Muhou wanjia (A or B)

* * (out of four)
Seen 6 May 2018 in AMC Boston Common #15 (first-run, DCP)

A or B starts out as a slick-looking thriller based upon a decent enough concept, but it's not long before the filmmakers run up against the limits on what you can do with a guy locked in a room, tormented by an unseen abductor. It's a classic place to start even if it probably can't be where a movie ends, so a filmmaker has to find a better place for things to lead than Perry Ren Pengyuan does here.

He opens with three men in a sauna, where a folk tale soon leads to talk of an investment firm led by Zhong Xiaonian (Xu Zheng) and Tan Wanyuan (Wang Yanhui) inflating the value of a tech company that a government-owned pharma company run by LIu Wenshi (Yu Hewei) will later purchase, with the group splitting the proceeds - and then another businessman, Zeng Guangwen (Simon Yam), walking off the side of a building. Months later, as their plan is coming to fruition, Zhong's wife Wei Simeng (Wang Likun) seems fed up with his underhanded ways and says she plans to ask for a divorce. Zhong may be carrying on an affair with gold trader Zhuang Yi (Zhu Zhu), but he's still upset at the attention paid Simeng by his old friend and colleague Zhu Nan (Zhao Da). He'll have bigger problems the next day, though, when he wakes up sealed in his bedroom, with a voice over a walkie-talkie saying that he'll be given a simple "A or B" choice as the market opens for the next five days - for instance, "A) announce your divorce from Simeng or B) confess to tax evasion" - and if he refuses to choose, both will happen. And you'd better believe every enemy he's made is going to try and take advantage of these choices.

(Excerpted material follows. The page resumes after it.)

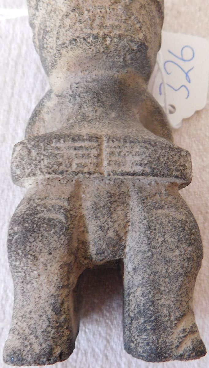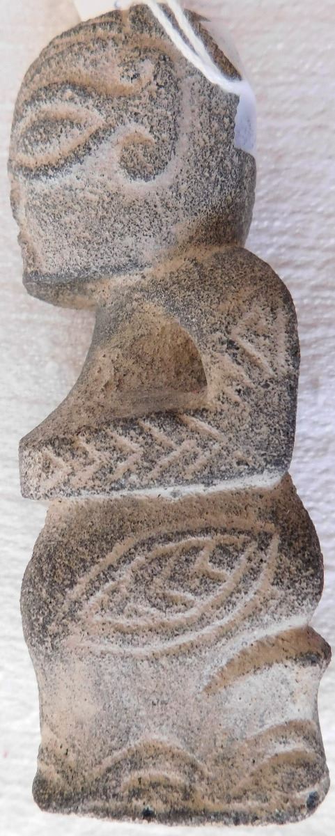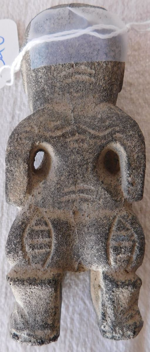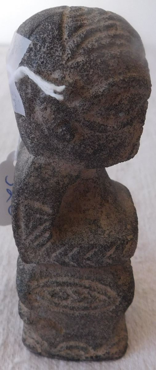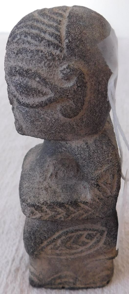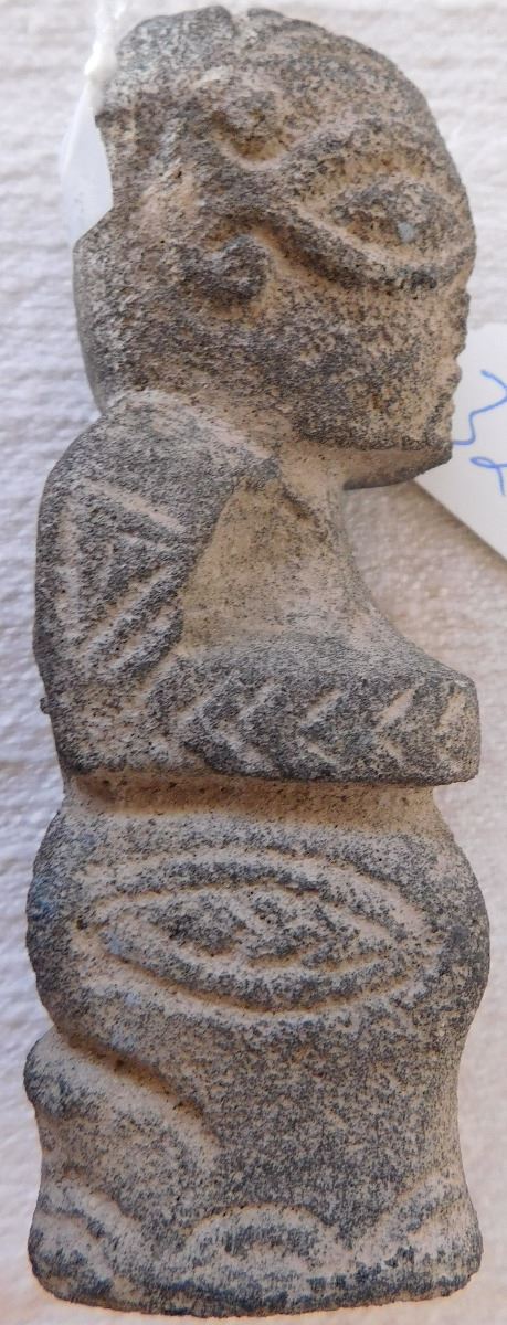 Stone Polynesian Figure, circa 1800s. Made of basalt, the item measures 4" x 1.25" x 1.5". From the Marquesas Islands. Classic Marquesas style carving. Condition: Minor nicks, see images. Shipping: $18.50 w/insurance and signature.
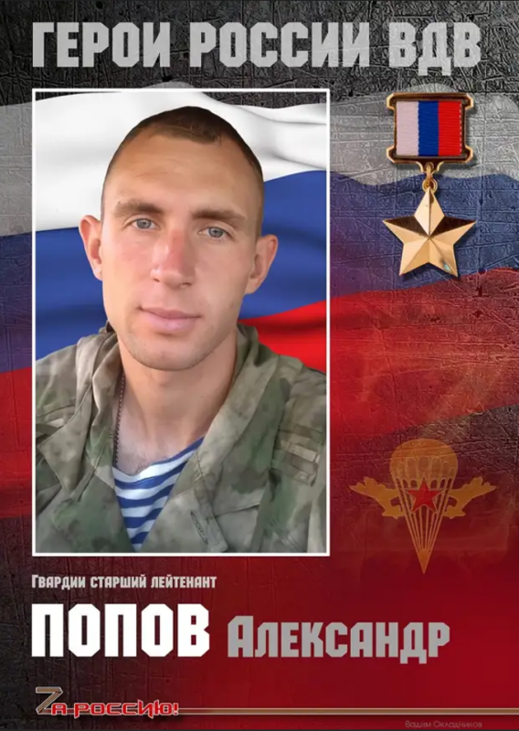 Александр Попов был заместителем командира роты десантно-штурмовой бригады. Его группа выполняла задачу по прикрытию позиций российских войск. Ценой жизни старший лейтенант защитил стратегически важный рубеж, в сражении был дважды тяжело ранен, но до последнего командовал взводом. Этот бой 23 июня 2022 стал для него последним.

So long as Ren keeps things relatively tangible, with extramarital affairs, a rival realizing that the mastermind behind all this is getting the other guy in the room to betray him live on the phone, and Xioanian proving more resourceful than you might expect for a white-collar criminal, A or B works as a solid little thriller. Heck, it seems like he lets the audience know that Zhuang Yi invests in gold for the specific aim of giving everybody something physical to move around rather than the boring scenes of people intercepting Swiss bank account numbers. There's a ton of fun to be had watching Xiaonian trying to MacGyver his way out of the room, or noting who is in the room when the mysterious scrambled voice is talking to. It's not a bad shell game, at least to start.